In The Big Heat, Lee Marvin cemented his reputation as a memorial movie villain when he toss a pot of boiling coffee in Gloria Grahame’s face.

Bob “Captain Kangaroo” Keeshan spent years trying to dispell the urban legend that he and Lee Marvin had fought heroically together at Iwo Jima (in reality, Keeshan was still in Marine Corps training camp when the Japanese surrendered).

Before he was Captain Kangaroo, Bob Keeshan originated the character of Clarabell hte Clown on The Howdy Doody Show (the children’s program that made Howdy Doody a marionette superstar).

Howdy Doody’s face had 48 freckles, one for each state in the Union at the time of the marionette’s creation.

The U.S. flag has had 50 stars for the longest stretch of any flag in American history (since 1960); before that, the 48-star flag had been in use the longest.

Until 2007, the longest-used version of the US Flag was the 48-star flag. It was used from 1912 (when New Mexico and Arizona were admitted) until 1959 (when Alaska was admitted). The 50-star flag is now the front-runner, in used since 1960.

(What EH said.)

The state flag of Alaska, featuring the Big Dipper and North Star in gold on a field of blue, was the winner of a 1927 design contest. The designer was 13-year-old Benny Benson, an Aleut-Russian/Swedish boy from Seward on the Kenai Peninsula.

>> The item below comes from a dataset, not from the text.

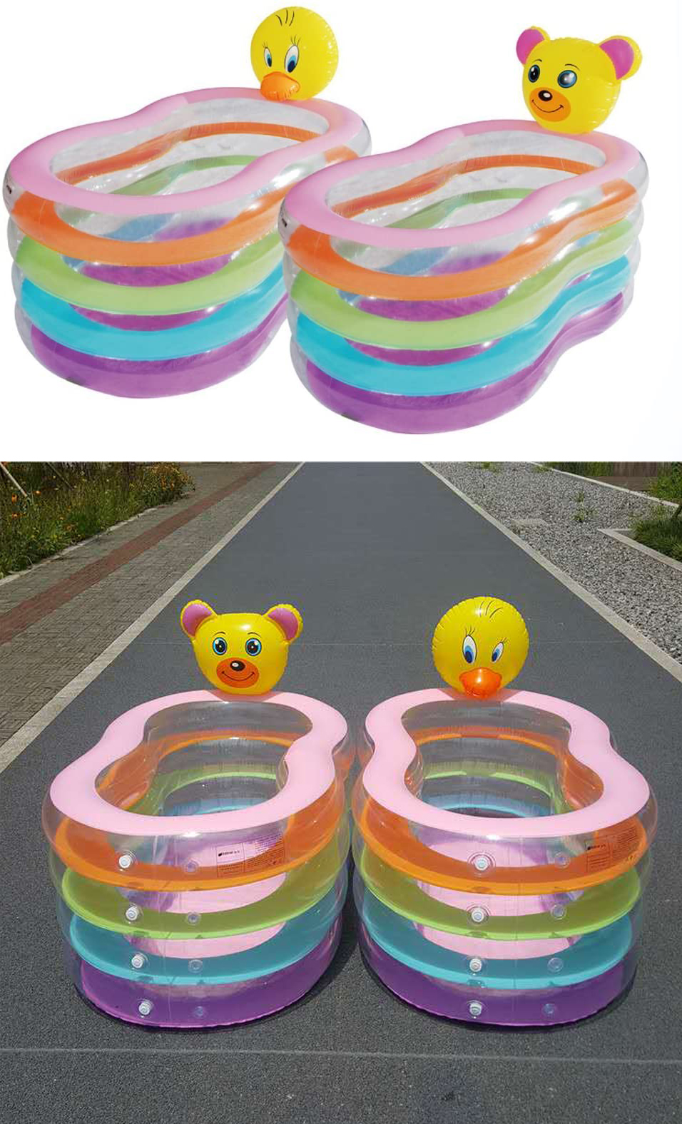 | รายละเอียดสินค้า | 🍑สระน้ำเป่าลม รูปสัตว์ Inflatable Intime Rainbow Splayed Pool🍑 🍑วัสดุ PVC  🍑สี: รุ้ง 🍑มี 2 ลาย เป็ด,หมี 🍑ขนาดของอ่างอาบน้ำ: 165*106*75cm 🍑น้ำหนักรวม: 2.5 กิโลกรัม   |

Wilt Chamberlain disliked his nickname “Wilt the Stilt,” preferring “The Big Dipper.”

Joshua Lawrence Chamberlain, hero of Little Round Top at the Battle of Gettysburg, was president of Bowdoin College and governor of Maine after the Civil War. He was played by Jeff Daniels in Gettysburg.

Today the town of Gettysburg is not served by any train, bus or other public-transport links of any kind despite the battlefield being the best preserved of all Civil War sites. You have to get there via your own wheels.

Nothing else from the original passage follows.